In this context of budget uncertainty, going cashless can help schools save money by streamlining their payment processes – whether it is to pay for school meals, school trips or any other transaction between the school and parents.
Anthony Bennett, head of sales at Eduspot, told BESA: “Having an online payment system can result in time and money being saved in school and processes becoming more efficient.” Eduspot, a BESA member, provides schools with a cashless catering solution called SchoolMoney, among other products.
SchoolMoney’s price plan allows for unlimited transactions without any transaction or service fees, which “allows schools to budget for the year and be as flexible as they wish when parents pay online without the worry of any additional fees for the school or parent,” Bennett said.
At Manley Village School, SchoolMoney has “reduced the time spent counting money and freed my time for other work,” the Business School Manager Gillian Harrison said.
Lorraine from Brooke Voluntary Controlled Church of England Primary School also recognised that the cashless system led to more efficiency in the school: “The office staff can now do their allocated hours without claiming overtime,” she said. “We have cut down on wasted hours on collecting money, counting it and banking it, and parents have become more efficient and reliable at booking meals in advance which means less wastage for our onsite kitchen.”
Going cashless to avoid the challenges of cash transactions
Schools without an online payment system have to manually record payments made for trips and dinners, followed by manually counting cash which also needs to be banked, often by a member of the admin team.
Rhea Jarvis, business development manager at Eduspot, told BESA that this system was both extremely time-consuming – for both the parents and admin staff in school – and not very secure. “Manually tracked information does not allow for accurate reporting on money received and can also be difficult to track student grants or pupil premium reductions for things such as trips,” Jarvis said. “Manual systems paper-based or electronic spreadsheets allow for many areas of human error and are without a complete audit trail.”
Instead, an online payment system will record any transactions made by parents and will clearly show in school any payments made, credits accrued or debts that need to be paid. “Online payments result in a more secure streamlined approach to money transactions,” Jarvis commented. Besides being a more secure way of receiving payments, an online payment system also has the added benefit of no cash in school, which is a security risk alone.
Moreover, online payment solutions offer parents the chance to pay cash if needed, through the PayPoint facility. There are 29,000 PayPoint outlets in the UK, located in supermarkets, newsagents or Post Offices, so it is a convenient alternative for families with no online banking.
Once a payment is received online or a cash payment in school, the SchoolMoney system automatically sends a receipt of payment directly to the parent.

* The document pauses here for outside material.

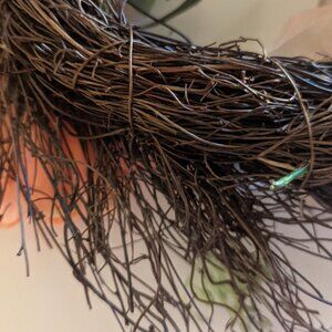 NWT, lovely floral wreath featuring peach, pink and white colored silk roses and peonies on a wood twig base, by Michael's Ashland. This rustic farm house-style decor item measures approx 16" diameter on the front, the twig base is 12" in diameter, and is new with $50 tags. A pretty gift, and makes a perfect faux floral accent piece for a seasonal home rejuvenation!

This creates a much more secure way of managing money transactions in school, and the parents and school have a log of everything paid or not paid.
Jarvis explained: “SchoolMoney has a parental engagement facility built in which allows text and emails to be generated at the click of a button to request payment from parents and also remind them of any overdue payments.”
She added: “This saves a lot of man-hours and grief for the schools and offers reports to show all messages are received by parents.
Chasing payments can often become a negative situation if having to be done face to face. SchoolMoney eradicates this and allows the relevant information to be sent to a parent direct. It creates a secure environment which allows parents to pay from the comfort of their own home and allows the school to clearly reconcile all payments in school with a complete audit trail.”
Indeed, online payment solutions are not only appreciated by schools. Parents, too, are enthusiastic about them and often request that a card facility be set up at their children’s schools, if it’s not already.
Bennet told BESA that in schools that do not have a card facility, the parents often leave without being able to make a payment. “At SchoolMoney, we are finding that there is a push from parents to encourage schools to offer an online facility as this is very convenient for them,” he said.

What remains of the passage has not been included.